So you’re caught in a data breach. Now what?

data breach

Reacting to a data breach can feel like you’re shuffling deck chairs on the Titanic or slamming the barn door after the horses have bolted. But there are some concrete steps you can take to minimize the harm from breaches and make yourself safer in case it happens again.

Last week, we found out when a hacker started selling a massive database of LinkedIn customer information that a 2012 data breach affected 167 million accounts, 161 million more accounts than originally reported. Other major breaches include those of Target in 2013JPMorgan Chase in 2014, and the U.S. government’sOffice of Personnel Management in 2015.

Many of the steps you can take after learning that your data has been involved in a breach might feel ineffective, says Paul Stephens of the Privacy Rights Clearinghouse, a consumer advocacy organization. But consumers are not as powerless as they might feel, he adds.

“Consumers need to get in the mindset that you assume that you’ve been breached and [are] proactive to begin with,” he says. “If you go with that premise, then I think a lot of the breach fatigue will be eliminated.”

Think of having your personal information stolen in a data breach like getting sick. You don’t (or at least shouldn’t) just roll over and moan until it goes away: To prevent it from getting worse as your body recovers, you take some medication or homeopathic remedies.
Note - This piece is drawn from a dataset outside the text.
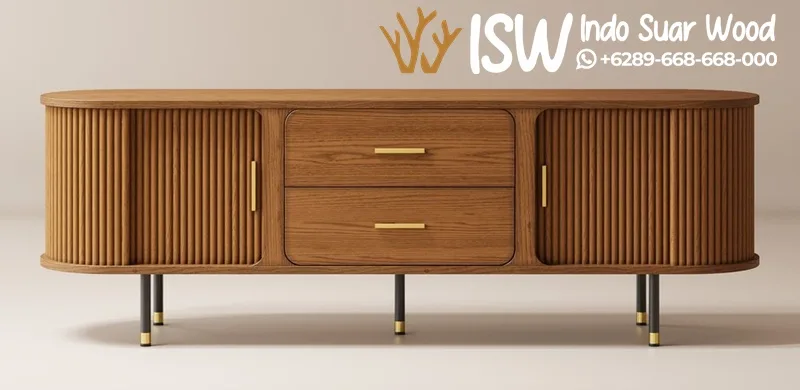 Meja TV Oval Minimalis Kayu Jati Linier

If you find that your data is part of a breach, you can do certain things to recover faster and make it harder for hackers to harm you after future breaches.

A Data Breach, also known as security breaches, take on various forms. Someone could have stolen your credit card information from a point-of-sale terminal through a scheme known as skimming. Someone could have stolen information about you from a computer, phone, or hard drive. Or, more commonly, someone could have hacked into a massive customer database containing information about you.

Responding to  a data breach is complicated, in no small part because of the patchwork of state and federal laws governing how companies that have been breached are required to notify you. In the United States, 47 states require varying degrees of notification. You may not immediately or even directly learn that your data has been involved in a breach. You might receive a notification via email or a physical letter, or read or listen to a news report about it.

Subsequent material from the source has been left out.